Representing the north is Badlands, a pilsner made with American Luminosa hops. It looks well: a fine clear golden. It definitely smells American, more like a citric IPA than a European lager. While it's very clean, there's a lack of lager crispness; no snap, and no real malt character. Instead, the hops are all you get: bright and juicy, with lots of peach and lychee. It's less bitter than I was expecting from the aroma; less everything, in fact. For a beer that's presented as in competition with another, it doesn't put on much of a show. While it's perfectly acceptable as a lager with off-kilter hops, it doesn't offer the usual benefits of the pilsner style (see Wednesday's post), and runs the risk of being so clean it's bland. There's much more drama in the branding than in the glass.

On the southern side there's Outback, a hazy IPA with Galaxy and Eclipse from Australia. The haze is on the lighter side: translucent rather than opaque, and a rose-gold colour. The aroma is very subtle, showing only a gentle sweetness, of tinned peach and fresh mango. It's a full 6% ABV and a little sticky with it, though that suits the overall tropical flavour profile. That's mangoes again, plus even sweeter pineapple and cantaloupe. A very slight pithy bitterness arrives in the finish and helps balance things. It's a simple offering, though happily devoid of haze off-flavours. With this style, clean is good.

Both of these are decent if unspectacular affairs -- neither piles the flavours in to any great extent, but what's there is enjoyable.
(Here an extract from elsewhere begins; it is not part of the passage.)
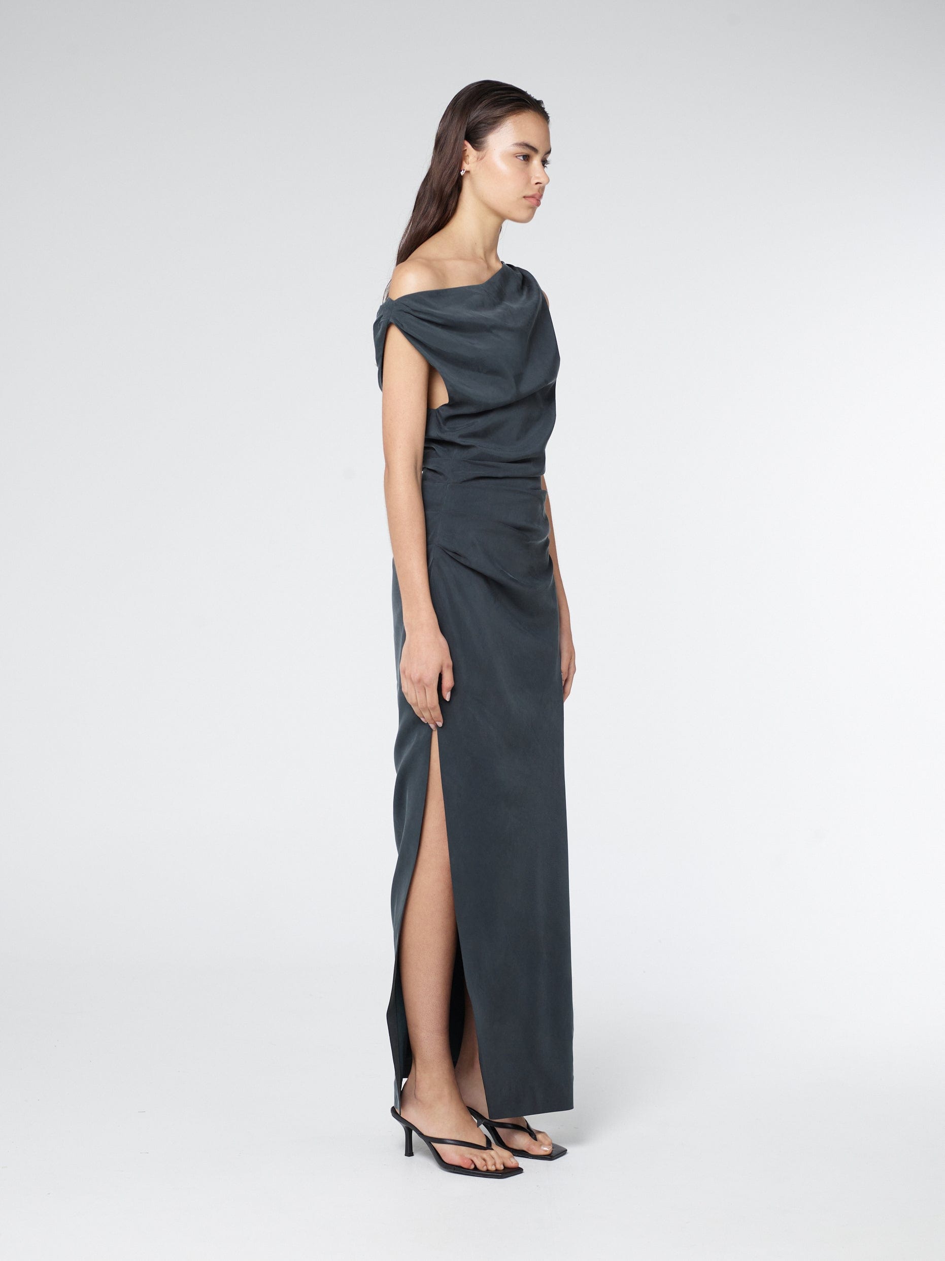 ATHENA OFF SHOULDER MAXI DRESS | INK

The pilsner didn't really deliver what I wanted so I'm finishing up as a member of Team South, albeit not through any preference of hops. Give the Americans the IPA next time out and perhaps the balance will be redressed.

19 February 2025

A lesson in lager

I was very sceptical going in to Franciscan Well's latest collaboration, with their Molson Coors stablemates, Staropramen. I'm not even sure what the name is: the badge says "Franciscan Well Docklands Series Staropramen x Pilsner", so pick the title out of that word salad. Staro is far from the top tier in the Czech lager stakes but does perfectly acceptable stuff by Irish standards.

And this one is more than acceptable, heading fully into good. It's a lovely rose gold colour with perfect head retention, looking built for one of those hefty handled Bohemian mugs. The aroma suggests Saaz and nothing but: moist grass and slightly spicier rocket. That continues in the flavour, joined by quite a strong buttery note, extremely similar to that found in genre-definer Pilsner Urquell. It's set on a wholesome biscuit base while the finish delivers a burst of flowers and minerals, like classy bathsalts.

I've seen a brewer describe collaboration beers as a form of professional education, and I fervently hope that this is the case here, that the folk from Prague came in to show their Cork colleagues how to make pilsner properly. If Archway had tasted like this I would have consumed a lot more of it.